Debbie was diagnosed with kidney cancer (renal cell carcinoma, clear cell) in October of 2012. The cancer was limited to her kidney so she had a radical nephrectomy, or the full removal of the kidney and cancer mass. Most patients who have a radical nephrectomy remain cancer-free and need no further treatment.
As is usual for her type of case, Debbie had periodic follow-up CT scans in the months and years following her successful kidney removal. About 2 years ago, her doctors discovered some small spots on her lungs that looked like they could be caused by the original kidney cancer having metastasized. However, they were too small to biopsy so no conclusive diagnosis was possible. After an extended period of slow or no growth, the spots began to grow and multiply toward the end of 2015. The spots became large enough to biopsy and in February, doctors confirmed the diagnosis. Debbie has stage 4, metastatic renal cell carcinoma.
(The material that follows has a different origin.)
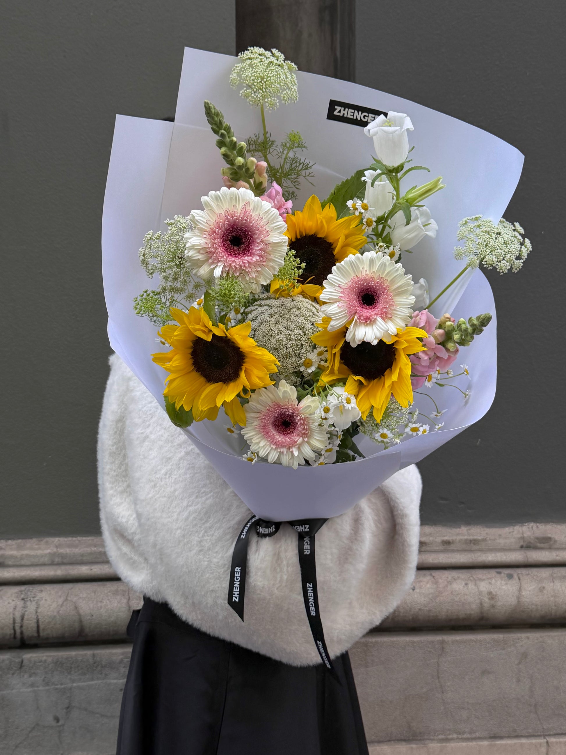 A cheerful and uplifting bouquet filled with sunny yellow tones and soft pastel accents. Designed to bring warmth, positivity, and a touch of playful charm, this arrangement is perfect for graduations, celebrations, birthdays, or brightening any special day. A fresh and gender-neutral bouquet that instantly lights up the moment.
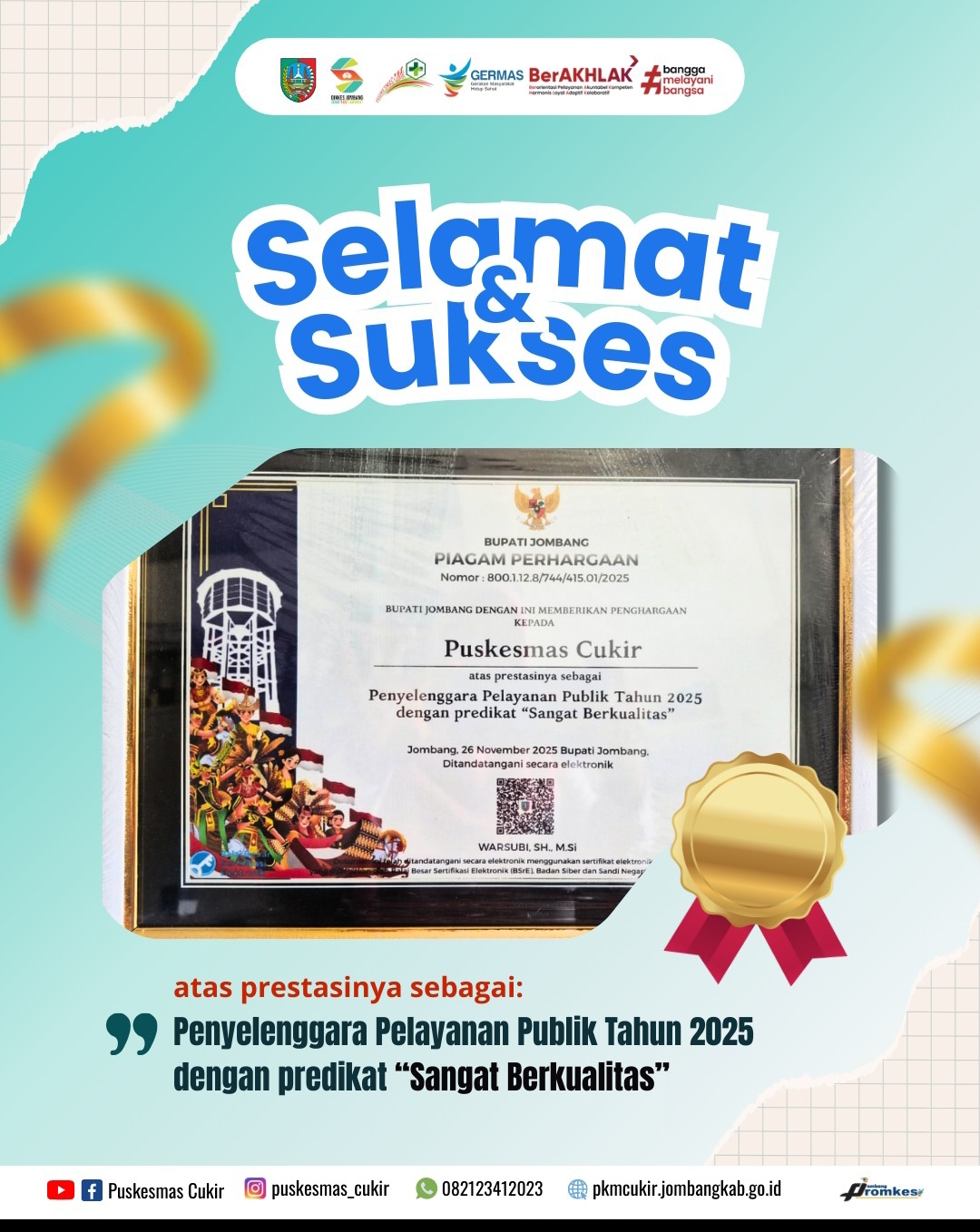Penyelenggara pelayanan publik tahun 2025 dengan predikat " Sangat Berkualitas "

Debbie and the family consulted with her medical oncologist about different treatment options. Debbie’s doctor was hopeful that she was healthy enough for High-dose Interleukin-2 (“IL-2”) as a first-line treatment option. This treatment has been proven to offer a small number (8-10%) of patients a complete and durable response, leaving them cancer-free while another 8-10% have a partial response.
After a series of tests, including cardiac and pulmonary organ function, she was found to be eligible and strong enough to endure the IL-2 treatment. IL-2 functions differently than chemotherapy, which is not effective on this type of cancer. IL-2 is an immunotherapy that supercharges your own immune system in hopes that it destroys the cancer cells.
Due to the level of toxicity, IL-2 is administered in the hospital, usually in the intensive care unit. Patients require close monitoring. The doses are given every 8 hours over a five-day period. However, most patients do not receive the full number of doses, as each individual’s ability to tolerate the side effects varies. The side effects are severe and include: vomiting, nausea, diarrhea, general fatigue, difficulty sleeping, itching and peeling skin, flu-like symptoms such as fever, chills and muscle aches; weight gain/fluid retention, low blood pressure and rapid heart rate.
Debbie begins IL-2 treatment on Monday, March 21st. Due to the nature of the treatment, visitors are not allowed. She and the family invite your prayers in lieu of visits.
After the 5-day period of doses, Debbie will be released from the hospital after 1 or 2 days of recovery. She has two weeks to finish her recovery then heads back to the hospital (April 11th) to repeat a 5-day period of doses all over again. After 30-days have passed, a follow-up CT scan will determine if her body has responded to the treatment. If it has, the 5-day/2-week/5-day treatment cycle will be repeated once or twice again.
Our ongoing prayer for Debbie is 1) She will be completely healed; and 2) She will have minimal side effects and endure them well. We will keep you up to date as she progresses. We love you all and thank you for joining us in this fight. #preparedforbattle.